Книга: Графиня де Монсоро
Назад: Глава XXV Отец и дочь
Дальше: Глава XXVII О том, как брат Горанфло убедился, что он Сомнамбула, и как горько он оплакивал свою немощь

Глава XXVI
О том, как брат Горанфло проснулся и какой прием был оказан ему в монастыре

Мы оставили нашего друга Шико в ту минуту, когда он восхищенно любовался братом Горанфло, который беспробудно спал, сотрясая воздух громкозвучным храпом. Шико знаком предложил хозяину гостиницы выйти и унести свечу, еще до этого он попросил мэтра Бономе ни в коем случае не проговориться почтенному монаху, что его сотрапезник выходил в десять часов вечера и вернулся только в три часа утра.
Поскольку мэтру Бономе было ясно, что, какие бы отношения ни связывали шута и монаха, расплачивается всегда шут, он питал к шуту великое почтение, а к монаху относился довольно пренебрежительно.
Поэтому он пообещал Шико никому не заикаться насчет событий прошедшей ночи и удалился, как ему и было предложено, оставив обоих друзей в темноте.
Вскоре Шико заметил одну особенность, которая привела его в восторг: брат Горанфло не только храпел, но и говорил. Его бессвязные речи были порождением не терзаемой угрызениями совести, как вы могли бы подумать, а перегруженного пищей желудка.
Если бы слова, выпаливаемые братом Горанфло во сне, присоединить одно к другому, мы получили бы необычайный букет из изысканных цветов духовного красноречия и чертополоха застольной мудрости.
Шико тем временем понял, что в кромешной тьме ему чрезвычайно трудно будет выполнить свою задачу и восстановить статус-кво, так чтобы его собутыльник, проснувшись, ничего не заподозрил. И в самом деле, передвигаясь в темноте, он, Шико, может неосторожно наступить на одну из четырех конечностей Горанфло, раскинутых в неизвестных ему направлениях, и тогда боль вырвет монаха из мертвой спячки.
Чтобы немного осветить комнату, Шико подул на угли в очаге.
При этом звуке Горанфло перестал храпеть и пробормотал:
– Братие! Вот лютый ветер: се дуновение господне, дыхание всевышнего, оно меня вдохновляет.
И тут же снова захрапел.
Шико выждал минуту, пока сон не завладеет монахом, затем осторожно начал его распеленывать.
– Б-р-р-р-р! – зарычал Горанфло. – Какой холод! Виноград не вызреет при таком холоде.
Шико прервал свое занятие на середине и несколько минут выжидал, потом опять принялся за работу.
– Вы знаете мое усердие, братие, – забормотал монах, – я все отдам за святую церковь и за монсеньора герцога де Гиза.
– Каналья! – сказал Шико.
– Таково и мое мнение, – немедленно отозвался Горанфло, – с другой стороны, несомненно…
– Что несомненно? – спросил Шико, приподнимая туловище монаха, чтобы натянуть на него рясу.
– Несомненно, что человек сильнее вина; брат Горанфло боролся с вином, как Иаков с ангелом, и брат Горанфло победил вино.
Шико пожал плечами.
Это несвоевременное движение привело к тому, что Горанфло открыл один глаз и увидел над собой улыбающегося Шико, который в неверном свете углей очага показался ему мертвенно-бледным и зловещим.
– Ах, только не надо призраков, не надо домовых, – запротестовал монах, словно объясняясь с каким-то хорошо знакомым чертом, который нарушил условия подписанного между ними договора.

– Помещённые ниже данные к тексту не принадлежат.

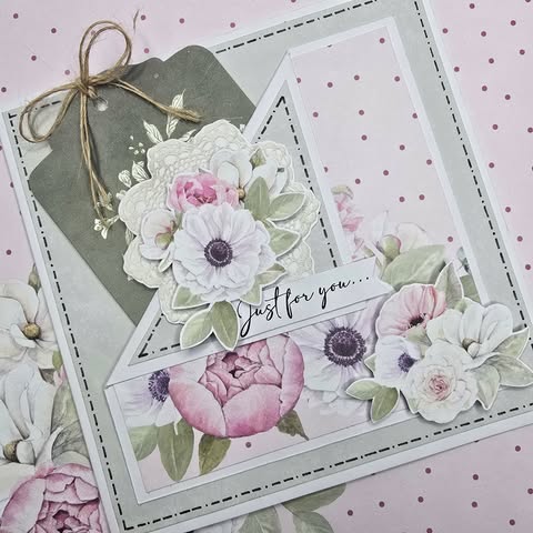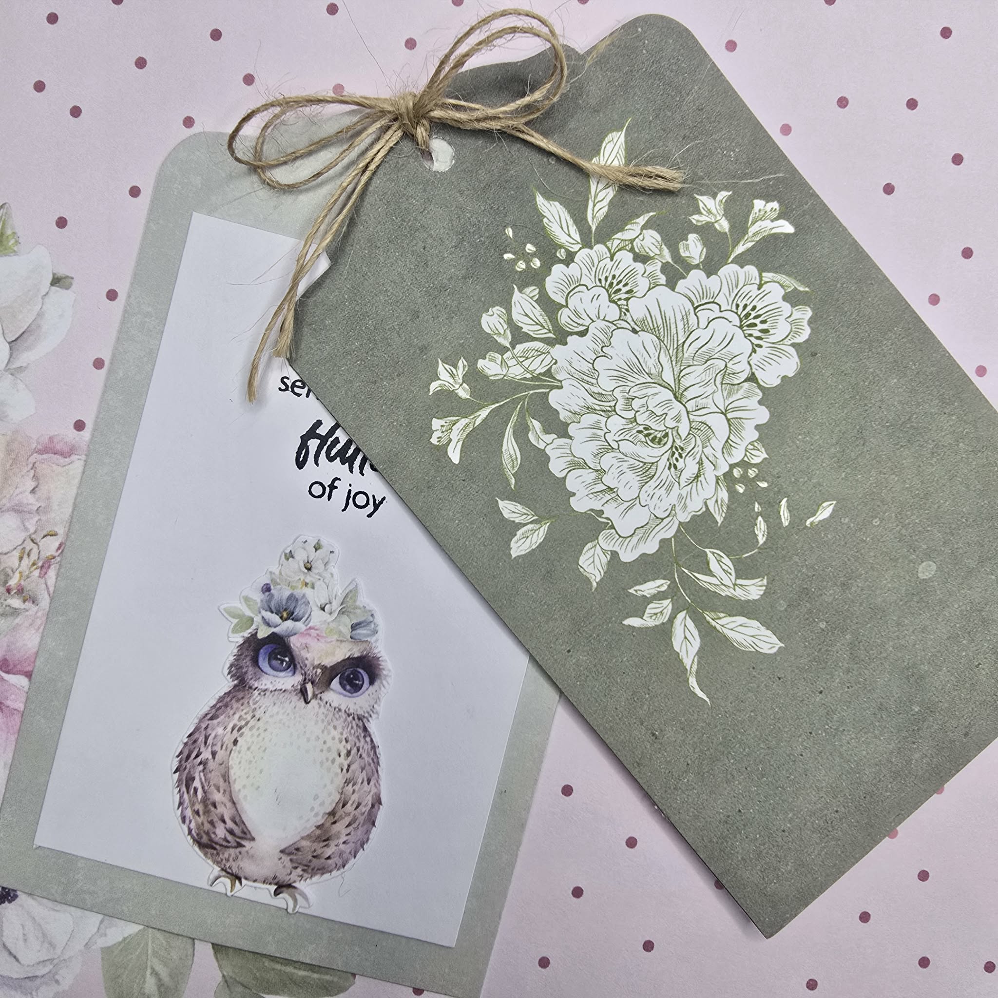 The stitched-look base frames a floral envelope pocket holding a large sage tag, tied with rustic twine and finished with a delicate white botanical print. Layered watercolour blooms, lace-style die-cuts and a handwritten sentiment create dimension and gentle romance. A sweet owl tag adds a whimsical touch, while pink polka dot accents keep the palette light and feminine.

– Он мертвецки пьян, – заключил Шико, окончательно облачив брата Горанфло в рясу и натягивая ему на голову капюшон.
– В добрый час! – проворчал монах. – Наконец-то пономарь догадался закрыть дверь на хоры, и больше не дует.
– Теперь просыпайся, когда тебе вздумается, – сказал Шико. – Мне все равно.
– Господь внял моей молитве, – бормотал Горанфло, – и мерзопакостный аквилон, который он наслал, чтоб померзли виноградники, превратился в сладчайший зефир.
– Аминь! – сказал Шико.
Придав возможно большую правдоподобность нагромождению пустых бутылок и грязных тарелок на столе, он соорудил себе подушку из салфеток и простыню из скатерти, улегся на пол бок о бок с Горанфло и заснул.
Солнечным лучам, упавшим на глаза монаха, и доносившемуся из кухни хриплому голосу трактирщика, который подгонял своих поварят, удалось пробиться сквозь густые пары, окутывавшие сознание Горанфло.
Монах приподнялся и с помощью обеих рук утвердился на той части тела, которой предусмотрительная природа предназначила быть центром тяжести человека.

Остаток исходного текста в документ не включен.